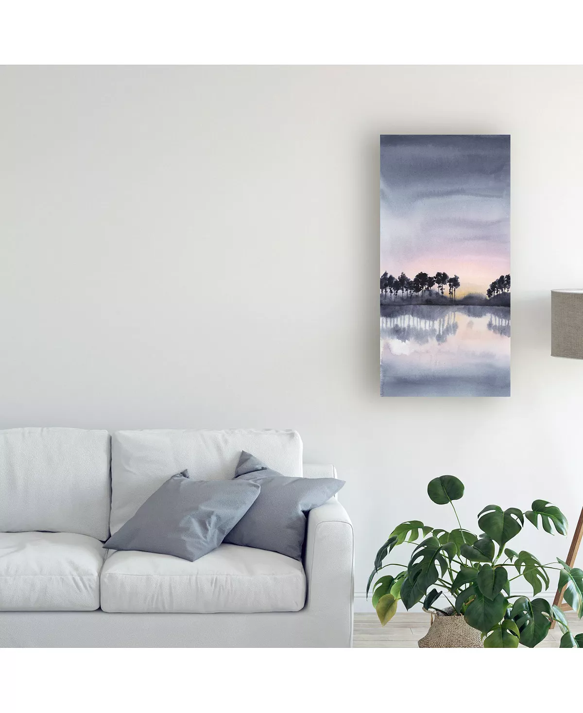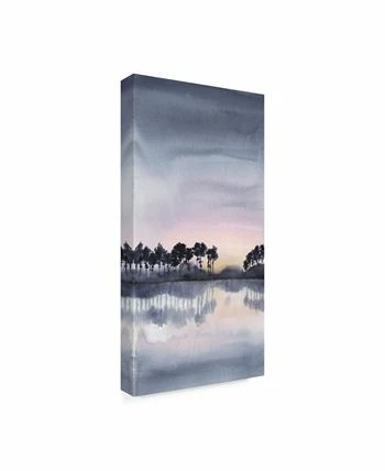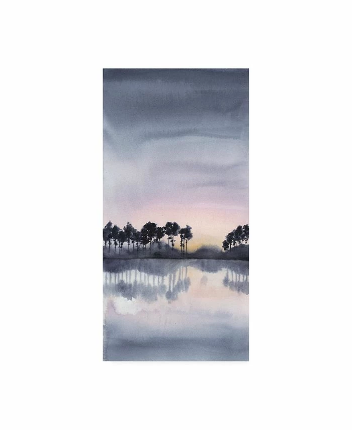 This ready to hang, gallery-wrapped art piece features a black painted silhouette of a forest over gray. Gallery-wrap is a method of wrapping an artist’s canvas around a hidden, wooden frame allowing for a frameless presentation.
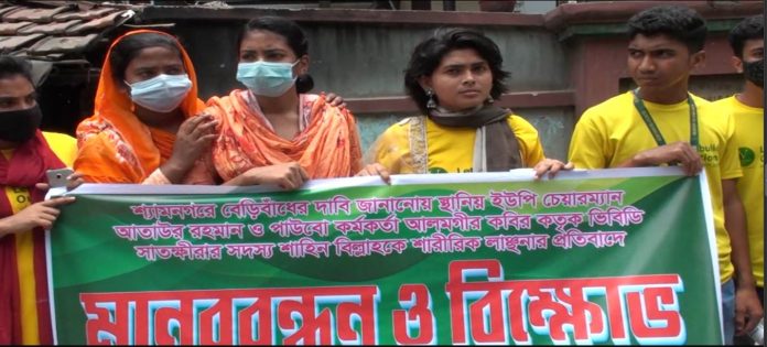 সাতক্ষীরা প্রতিনিধি ঃ উপকুলীয় জলবায়ু যোদ্ধাদের শারীরিকভাবে লাঞ্চনার প্রতিবাদে ও এ ঘটনায় জড়িত স্থানীয় ইউপি চেয়ারম্যান আতাউর রহমান ও পাউবো কর্মকর্তা আলমগীর কবিরের বিচারের দাবিতে মানববন্ধন ও বিক্ষোভ সমাবেশ অনুষ্ঠিত হয়েছে।
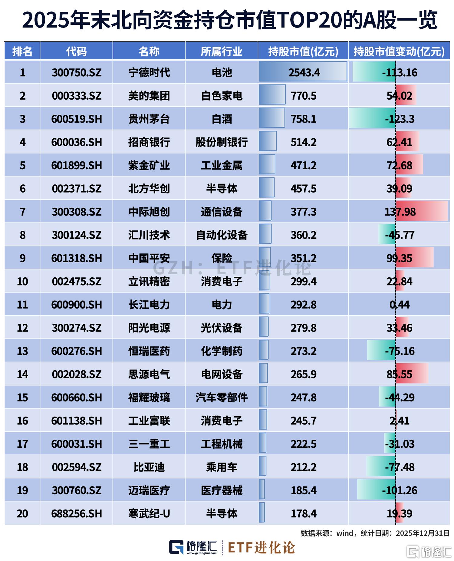 北向资金2025年四季度整体动向 - 2025年第四季度北向资金净流入101.5亿元,持有A股市值从三季度末的25,852亿元小幅提升至25,898亿元 [1] 前十大重仓股及前二十大变动 - 截至2025年末,北向资金前十大重仓股依次为:宁德时代、美的集团、贵州茅台、招商银行、紫金矿业、北方华创、中际旭创、汇川技术、中国平安、立讯精密 [1] - 前二十大重仓股中,思源电气和寒武纪-U为新进,药明康德和澜起科技退出 [1] - 宁德时代为第一大重仓股,持股市值达2,543.4亿元 [2] 四季度主要增持方向及个股 - 主要增持新能源领域,包括宁德时代(净流入121.9亿元)、德业股份(净流入32.3亿元)、阳光电源(净流入19.2亿元) [3][4] - 主要增持电子领域,包括立讯精密(净流入61.0亿元)、北方华创(净流入32.6亿元)、兆易创新(净流入23.6亿元) [3][4] - 主要增持有色金属领域,包括中国铝业(净流入32.6亿元)、江西铜业(净流入22.6亿元)、中金黄金(净流入20.2亿元)、华友钴业(净流入19.1亿元) [3][4] - 主要增持大金融领域,包括招商银行(净流入42.6亿元)、中国平安(净流入34.9亿元) [3][4] - 其他获显著增持的个股包括潍柴动力(净流入48.7亿元)、天孚通信(净流入23.9亿元) [3][4] 四季度主要减持方向及个股 - 主要减持白酒领域,包括贵州茅台(净流出84.5亿元)、五粮液(净流出25.5亿元) [4][5] - 主要减持医药领域,包括药明康德(净流出53.2亿元)、迈瑞医疗(净流出42.2亿元)、恒瑞医药(净流出18.5亿元) [4][5] - 主要减持汽车领域,包括比亚迪(净流出49.8亿元)、赛力斯(净流出37.7亿元)、上汽集团(净流出25.7亿元) [4][5] - 主要减持非银金融领域,包括东方财富(净流出40.0亿元)、华泰证券(净流出34.2亿元)、中信证券(净流出20.3亿元) [4][5] 行业持仓市值排名 - 截至2025年末,北向资金持仓市值前五大行业依次为:电力设备(4,495.2亿元)、电子(3,870.4亿元)、有色金属(1,855.8亿元)、银行(1,772.6亿元)、机械设备(1,541.9亿元) [6] - 医药生物、食品饮料、汽车行业持仓市值分别为1,429.7亿元、1,387.9亿元、1,323.7亿元 [6] 四季度行业持仓市值变动 - 持仓市值增长最多的三个行业为:有色金属(增加516.3亿元)、通信(增加194.8亿元)、基础化工(增加88.6亿元) [7][8] - 持仓市值减少最多的三个行业为:医药生物(减少403.2亿元)、食品饮料(减少235.2亿元)、汽车(减少137.7亿元) [8][9] 外资机构对中国资产的观点 - 花旗集团经济学家认为,2025年海外投资者的观念已从“中国不可投资论”转变为“中国资产不可回避” [11] - 摩根士丹利策略师认为,进入2026年将有更多外资回归中国市场,主动型基金增加配置只是时间问题 [11] - 摩根大通将A股评级上调至“超配”,预测沪深300指数目标位为5,200点 [11] - 高盛预计2026年中国实际GDP增长4.8%,并预测MSCI中国指数和沪深300指数年内将分别上涨20%和12%,预计2026年和2027年中国企业盈利将分别环比增长14%和12% [11] - 瑞银预测全部A股公司盈利增速将从2025年的6%提升至2026年的8% [11]

• _REQUIREMENT_
For this exercise, retype the listing above word for word and omit the pictures.

• _EXERCISE OUTPUT_
 This ready to hang, gallery-wrapped art piece features a black painted silhouette of a forest over gray. Gallery-wrap is a method of wrapping an artist’s canvas around a hidden, wooden frame allowing for a frameless presentation.
 সাতক্ষীরা প্রতিনিধি ঃ উপকুলীয় জলবায়ু যোদ্ধাদের শারীরিকভাবে লাঞ্চনার প্রতিবাদে ও এ ঘটনায় জড়িত স্থানীয় ইউপি চেয়ারম্যান আতাউর রহমান ও পাউবো কর্মকর্তা আলমগীর কবিরের বিচারের দাবিতে মানববন্ধন ও বিক্ষোভ সমাবেশ অনুষ্ঠিত হয়েছে।
 北向资金2025年四季度整体动向 - 2025年第四季度北向资金净流入101.5亿元,持有A股市值从三季度末的25,852亿元小幅提升至25,898亿元 [1] 前十大重仓股及前二十大变动 - 截至2025年末,北向资金前十大重仓股依次为:宁德时代、美的集团、贵州茅台、招商银行、紫金矿业、北方华创、中际旭创、汇川技术、中国平安、立讯精密 [1] - 前二十大重仓股中,思源电气和寒武纪-U为新进,药明康德和澜起科技退出 [1] - 宁德时代为第一大重仓股,持股市值达2,543.4亿元 [2] 四季度主要增持方向及个股 - 主要增持新能源领域,包括宁德时代(净流入121.9亿元)、德业股份(净流入32.3亿元)、阳光电源(净流入19.2亿元) [3][4] - 主要增持电子领域,包括立讯精密(净流入61.0亿元)、北方华创(净流入32.6亿元)、兆易创新(净流入23.6亿元) [3][4] - 主要增持有色金属领域,包括中国铝业(净流入32.6亿元)、江西铜业(净流入22.6亿元)、中金黄金(净流入20.2亿元)、华友钴业(净流入19.1亿元) [3][4] - 主要增持大金融领域,包括招商银行(净流入42.6亿元)、中国平安(净流入34.9亿元) [3][4] - 其他获显著增持的个股包括潍柴动力(净流入48.7亿元)、天孚通信(净流入23.9亿元) [3][4] 四季度主要减持方向及个股 - 主要减持白酒领域,包括贵州茅台(净流出84.5亿元)、五粮液(净流出25.5亿元) [4][5] - 主要减持医药领域,包括药明康德(净流出53.2亿元)、迈瑞医疗(净流出42.2亿元)、恒瑞医药(净流出18.5亿元) [4][5] - 主要减持汽车领域,包括比亚迪(净流出49.8亿元)、赛力斯(净流出37.7亿元)、上汽集团(净流出25.7亿元) [4][5] - 主要减持非银金融领域,包括东方财富(净流出40.0亿元)、华泰证券(净流出34.2亿元)、中信证券(净流出20.3亿元) [4][5] 行业持仓市值排名 - 截至2025年末,北向资金持仓市值前五大行业依次为:电力设备(4,495.2亿元)、电子(3,870.4亿元)、有色金属(1,855.8亿元)、银行(1,772.6亿元)、机械设备(1,541.9亿元) [6] - 医药生物、食品饮料、汽车行业持仓市值分别为1,429.7亿元、1,387.9亿元、1,323.7亿元 [6] 四季度行业持仓市值变动 - 持仓市值增长最多的三个行业为:有色金属(增加516.3亿元)、通信(增加194.8亿元)、基础化工(增加88.6亿元) [7][8] - 持仓市值减少最多的三个行业为:医药生物(减少403.2亿元)、食品饮料(减少235.2亿元)、汽车(减少137.7亿元) [8][9] 外资机构对中国资产的观点 - 花旗集团经济学家认为,2025年海外投资者的观念已从“中国不可投资论”转变为“中国资产不可回避” [11] - 摩根士丹利策略师认为,进入2026年将有更多外资回归中国市场,主动型基金增加配置只是时间问题 [11] - 摩根大通将A股评级上调至“超配”,预测沪深300指数目标位为5,200点 [11] - 高盛预计2026年中国实际GDP增长4.8%,并预测MSCI中国指数和沪深300指数年内将分别上涨20%和12%,预计2026年和2027年中国企业盈利将分别环比增长14%和12% [11] - 瑞银预测全部A股公司盈利增速将从2025年的6%提升至2026年的8% [11]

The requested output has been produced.